I won't call stored procedures a "good" solution for this. They have an entirely different purpose. Even though, your code would be dependent on the DB / configuration used.
I don't know if this is optimal, but in my experience they end up hardcoded (i.e. String literals) in the DAO layer.
I don't think anyone will give you the pro/con break down you want as it is a rather large question. So instead here is what I've used in the past, and what I will be using going forward.
I use to use SQL hardcoded in the DAL. I thought this was fine until the DBAs wanted to play with the SQL. Then you have to dig it out, format it and fire it over to the DBAs. Who will laugh at it and replace it all. But without the nice question marks, or the question marks in the wrong order and leave you to stick it back in the Java code.
We have also used a ORM, and while this is great for developers our DBAs hated it as there is no SQL for them to laugh at. We also used a odd ORM (a custom one from 3rd party supplier) which had a habit of killing the database. I've used JPA since and was great, but getting anything complicated using it past the DBAs is a up hill battle.

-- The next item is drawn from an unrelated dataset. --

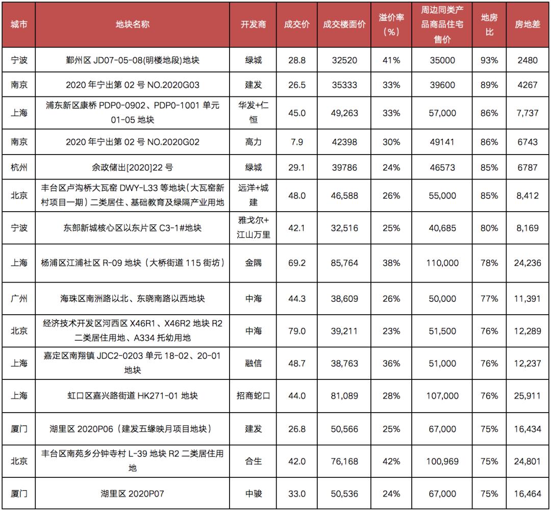 典型如绿城摘得的宁波鄞州区JD07-05-08(明楼地段)地王项目,该地块楼板价达到32520元/平方米,而周边在售的建邦·璟誉府均价为35000元/平方米,地房比高达93%,房地差仅有2480元/平方米。

We now use Stored Procedures (with the call statement hardcoded). Now the first thing everyone will complain about is that you are tied to the database. You are. However how often have you changed database? I know for a fact that we simply could not even attempt it, the amount of other code dependent on it plus retraining our DBAs plus migrating the data. It would be a very expensive operation. However if in your world changing DBs at a drop of a hat is required SPs are likely out.
Going forward I would like to use stored procedures with code generation tools to create Java classes from Oracle packages.
Edit 2013-01-31: A few years and DBAs later and we now use Hibernate, going to SQL (stored procs in the DB) only when absolutely required. This I think is the best solution. 99% of the times the DBs don't need to worry about the SQL, and the 1% they do it is in a place they are already comfortable with.
By using an ORM (such as hibernate) you hopefully will have no SQL statements to worry about. Performance is usually acceptable and you get vendor independence as well.
Should SQL code be considered “code” or “metadata”?
Code.
Should stored procedures be used only for performance optimization or they are a legitimate abstraction of the database structure?
Stored procedures allow for reuse, including inside of other stored procedures. This means that you can make one trip to the database & have it execute supporting instructions - the least amount of traffic is ideal. ORM or sproc, the time on the wire going to the db & back is something you can't recoup.
ORM doesn't lend itself to optimization because of its abstraction. IME, ORM also means a lack of referencial integrity - make a database difficult to report from. What was saved in complexity, has now increased to be able to get the data out in a workable fashion.
Is performance a key factor the decision? What about vendor lock-in?
No, simplicity is. Vendor lockin happens with the database as well - SQL is relatively standardized, but there are still vendor specific ways of doing things.